Éclairage

Le fait religieux à l’heure du coronavirus

La grande majorité des autorités spirituelles a réagi de manière disciplinée, mais certains courants minoritaires ont participé à la propagation de l’épidémie.


Le pape François célébrant seul la messe des Rameaux, hier, à la basilique Saint-Pierre.

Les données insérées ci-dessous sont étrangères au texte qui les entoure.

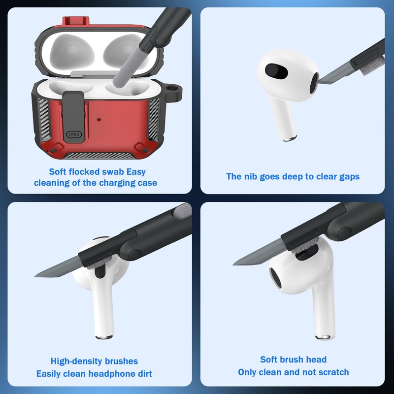 - Multi-functional Cleaning Pen: The for Airpod cleaning Kit has Silicone nib to remove dirt from hidden cracks and holes. The soft flocked sponge absorbs fine dust inside the wireless earbuds charging case. The high-density brush can easily clean the dirt on the sound hole of the earphone.
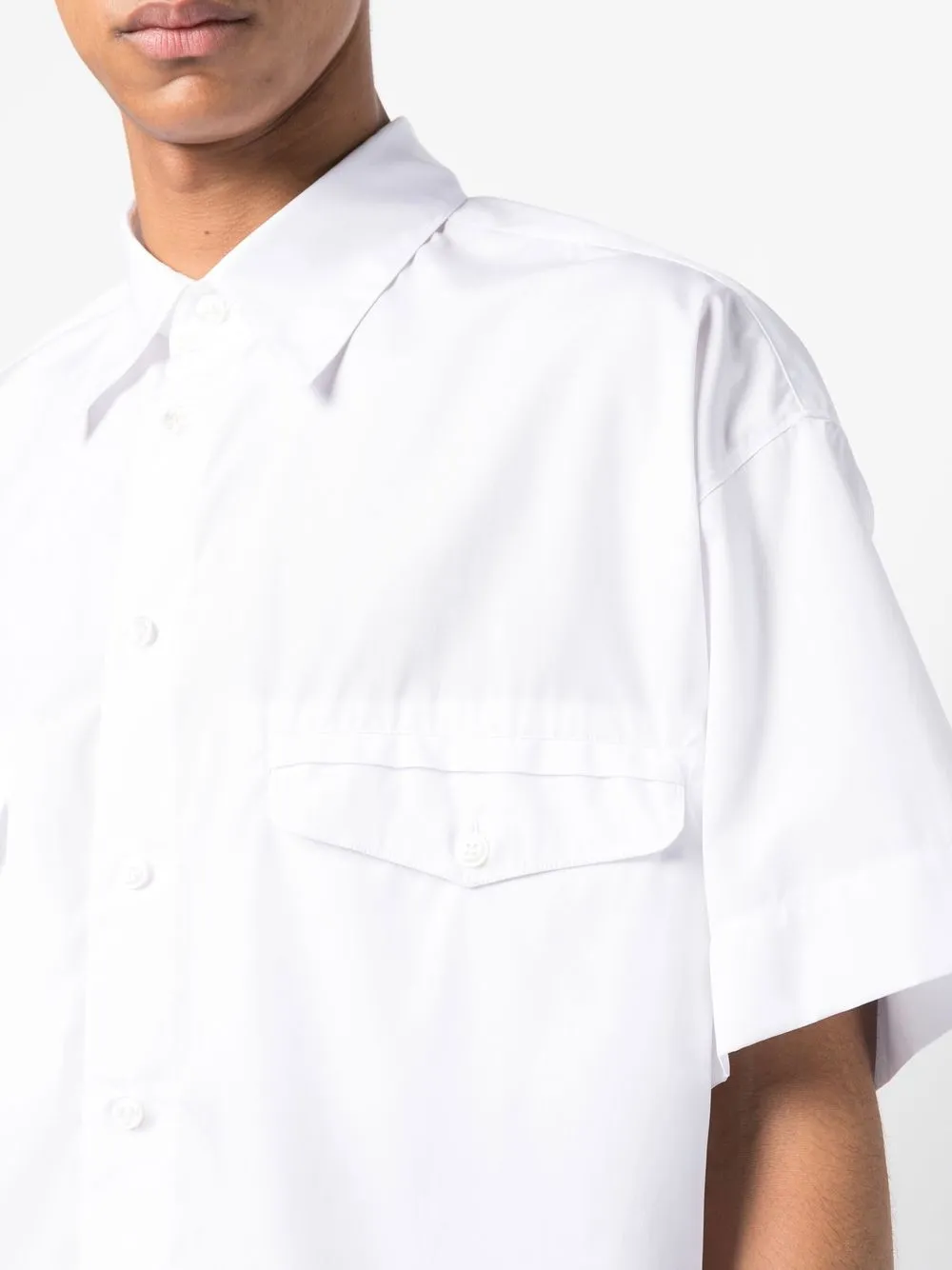 Расцветка Cloud White, хлопок, классический воротник, застежка на пуговицах спереди, короткие рукава, два нагрудных кармана с клапанами и прямой подол.

Alberto Pizzoli/POOL/AFP

Parce qu’elle perturbe les pratiques des croyants, parce qu’elle questionne le rapport entre la science et la foi, parce qu’elle est même parfois présentée comme le signe de la mort de l’homme prométhéen, la pandémie du nouveau coronavirus entretient un lien particulier avec le religieux.

Officiellement, les représentants des grandes religions monothéistes ont réagi de manière disciplinée en se conformant aux recommandations scientifiques et politiques. Les lieux de culte ont été progressivement fermés, les pèlerinages annulés et les rassemblements suspendus. Les images inédites du pape François priant en solitaire sur le parvis désert de la basilique Saint-Pierre à l’adresse d’un public virtuel marqueront probablement les esprits. Celles de l’esplanade de la Kaaba vide, également. Prières à la maison, célébrations retransmisses à la télévision, Pâque juive digitale… Dans le monde entier, l’office religieux est contraint de s’adapter.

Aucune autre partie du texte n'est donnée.